Hi Phil, StarGeek, everyone,

I recently asked if it was possible to get EXIFtool to process only some of the columns when updating metadata from a CSV (or similarly, exclude one or more columns from the update). StarGeek kindly replied and confirmed that this isn't currently possible (and the -csv is essentially an "all or nothing" option). Also, that using -TAG in combination with -CSV does not work.

Request
While I appreciate the above being the current situation, I wondered if it would be possible to consider enhancing the -CSV option so that:
  • It could be used in conjunction with the -TAG and --TAG options, to process only specific columns in the CSV
  • There was an option like -IgnoreNonTagColumns

Rationale
  • While I realise CSVs are far from perfect, part of the appeal for users like myself is their extremely easy interoperability with programs like Excel and their tabular format makes it very easy to visualise (and so spot errors and make corrections) to metadata
  • To assist with the above, I will often add various 'helper columns' (e.g.
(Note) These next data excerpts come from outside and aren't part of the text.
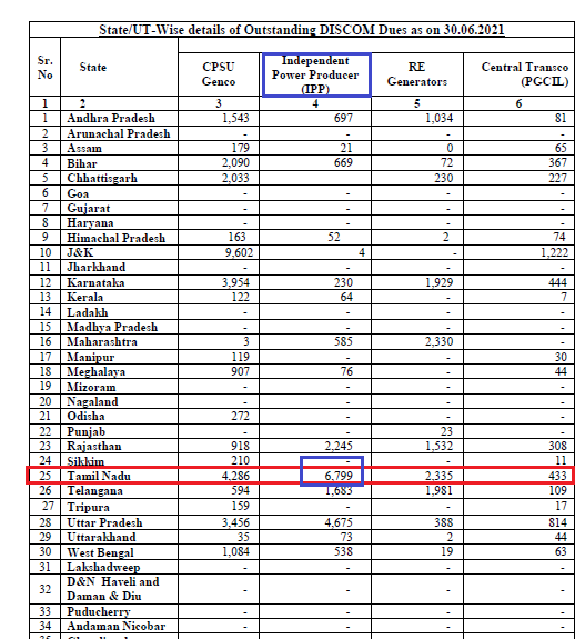 2021 ஜீன் மாதம் வரை மத்திய அரசு கணக்கின்படி தனியார் மின் உற்பத்தியாளர்களுக்கு ரூ.6,799 கோடி நிலுவையில் இருந்தது
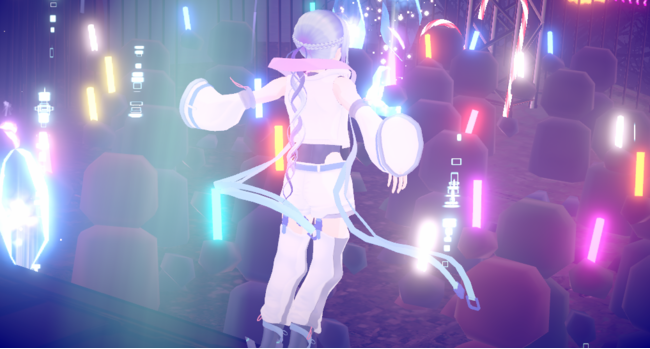 観客はメタバースライブ会場にアバター姿で入室し、サイリウムを振ったり拍手をしたり、ギフトを送ったりすることができます。サイリウムはカラーや振り方も変更できるので、実際のライブのように観客をどう盛り上げていくかがファイナリストたちの腕の見せ所となります。
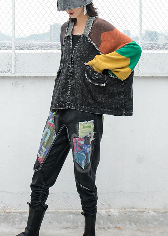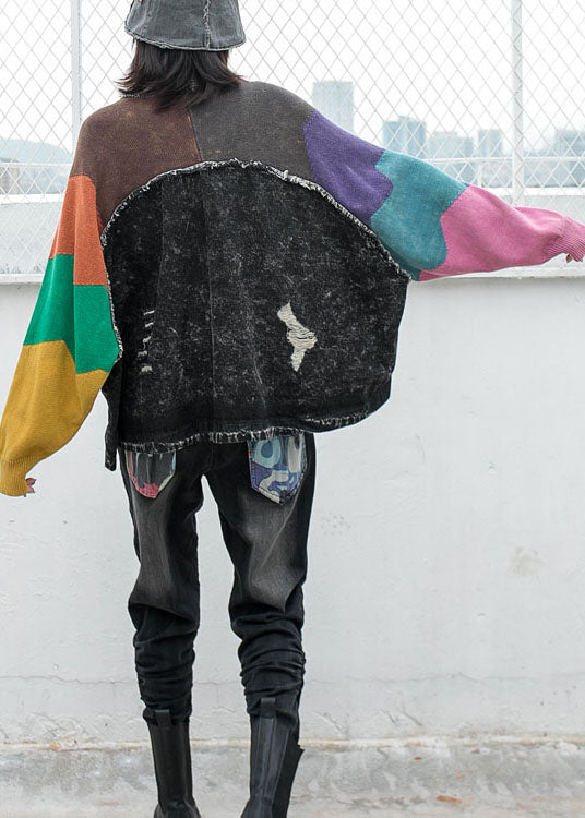 Plus Size Denim V-Ausschnitt Strick Patchwork Asymmetrisches Design Herbst Langarmmantel
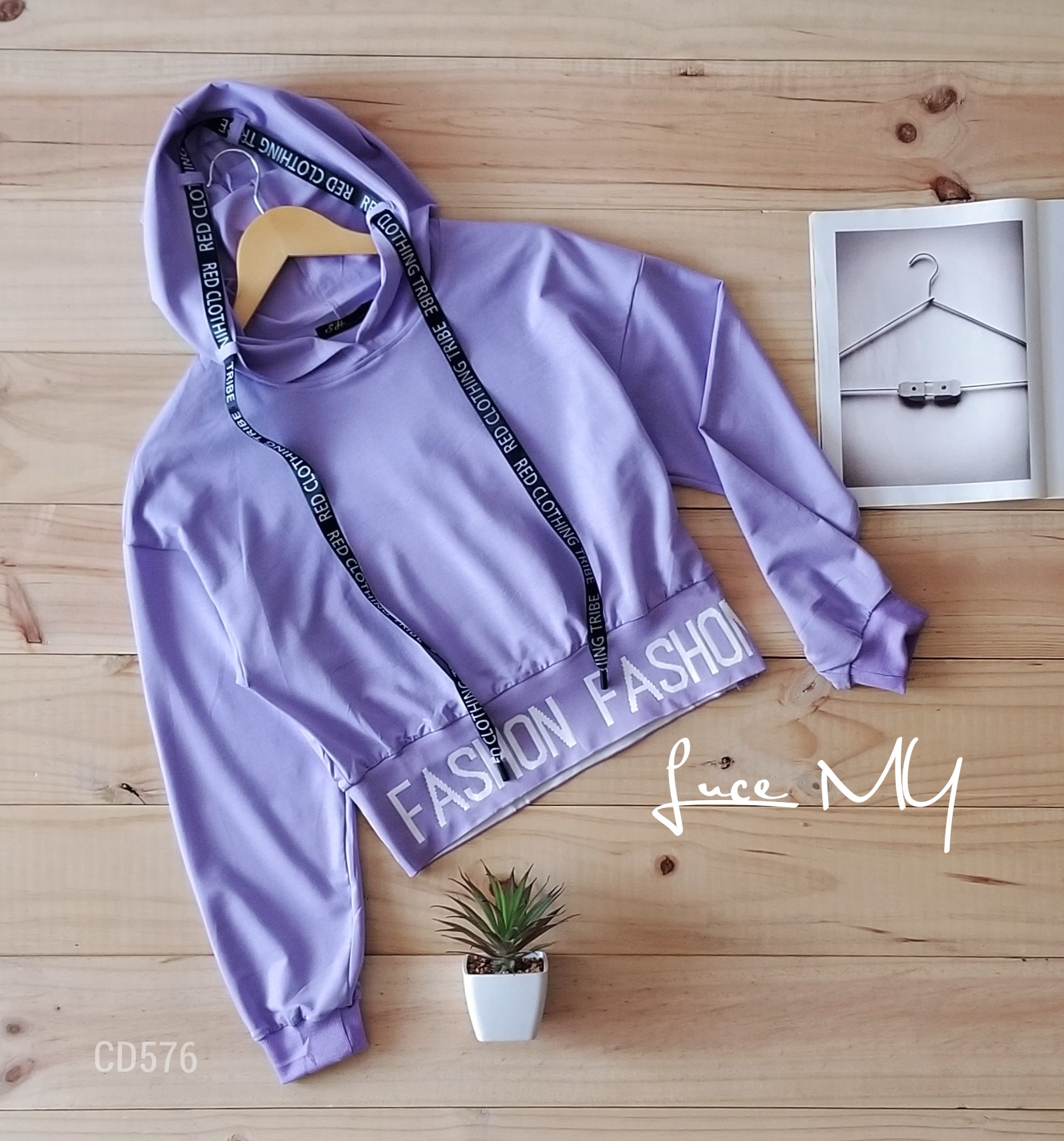 Descripción: Sudadera Fashion, con capucha cinta ajustable, hombros caídos manga larga, resorte en las mangas y cintura, material 100% poliéster.
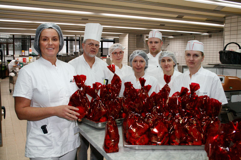 Bräuche und Traditionen werden im Landesklinikum Gmünd stets auch mit einem Beitrag aus der Küche gepflegt. Zum Fest des Hl. Nikolaus wurden daher rund 400 Nikolosäckchen mit selbstgemachten Germteigkrampussen, Obst, Nüssen und Süßigkeiten zusätzlich zu den ca. 350 täglich zubereiteten Essensportionen vorbereitet und an Patientinnen und Patienten, Personal, Kindergärten, Schulen und Konsumenten der Aktion Essen auf Räder verteilt.
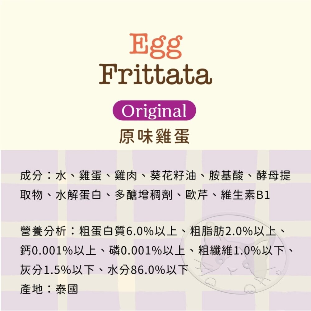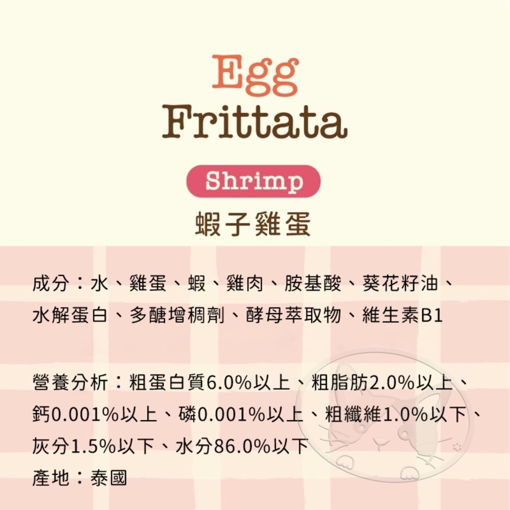 口味:原味雞蛋 85g, 蔬菜雞蛋 85g, 鮭魚雞蛋 85g, 蝦子雞蛋 85g
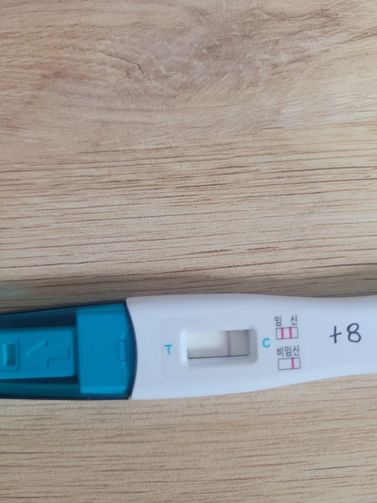 이미 그제부터 임신은 포기했기 때문에 아침잠이 덜 깬 채로 임신테스트기를 했는데 희미한 줄이 보였다.
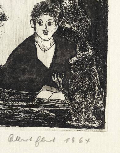 1964. Radierung / Strichätzung & Aquatinta, in Schwarz, auf leichtem hellgelbem Velin. – Originale Künstlergrafik, von Albert Ebert. – Auflage Exemplar Nr. 19/20. – 11,9 x 9,3 cm (Darstellung / Platte), 27 x 19 cm (Blatt).
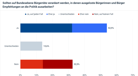 Laut einer aktuellen Umfrage sind 53,9 Prozent aller Deutschen für bundesweite Bürgerräte. Breite Zustimmung dazu gibt es auch in allen 299…

A column which checks the lists the earliest date given across all date columns... and another which then flags if the CreateDate is different to this 'earliest date'
      └ Currently, if I leave these extra columns in the CSV, EXIFtool will advise that column X is not a valid tag name and (I believe) won't process the file at all... It would be great to be able to essentially tell EXIFtool "if you don't recognise a column, that's fine, just process the columns that are valid tag names and ignore any that aren't"
  • In addition, given the broad adoption of CSVs across many apps, it is likely that a CSV could be multi-functional and be intended for multiple apps/scripts to share... For example, personally I feed the same CSV that EXIFtool uses into PowerShell afterwards to rename selected files. Now, as the filename column is not processed by EXIFtool, I can use this column to 'hide' my extra data for PowerShell in, however I am conscious that there are hardly any other columns that can be "repurposed" like this and so ability to do much more is very limited.
  • Ultimately, while making custom CSVs for EXIFtool to import is possible (and a route I planned to go down initially), in reality this option is somewhat clunky and inefficient, and it would be great if I could create 'one CSV to rule them all' and just tell EXIFtool to process selected columns from it and/or skip columns it does not recognise.

I realise that you likely have a queue of planning changes and so there is no guarantee that this change could be implemented any time soon, I hope however that you agree this would be a beneficial change to EXIFtool, would help users interact with EXIFtool more easily, and would make it easier for users to use EXIFtool to manage/update their metadata.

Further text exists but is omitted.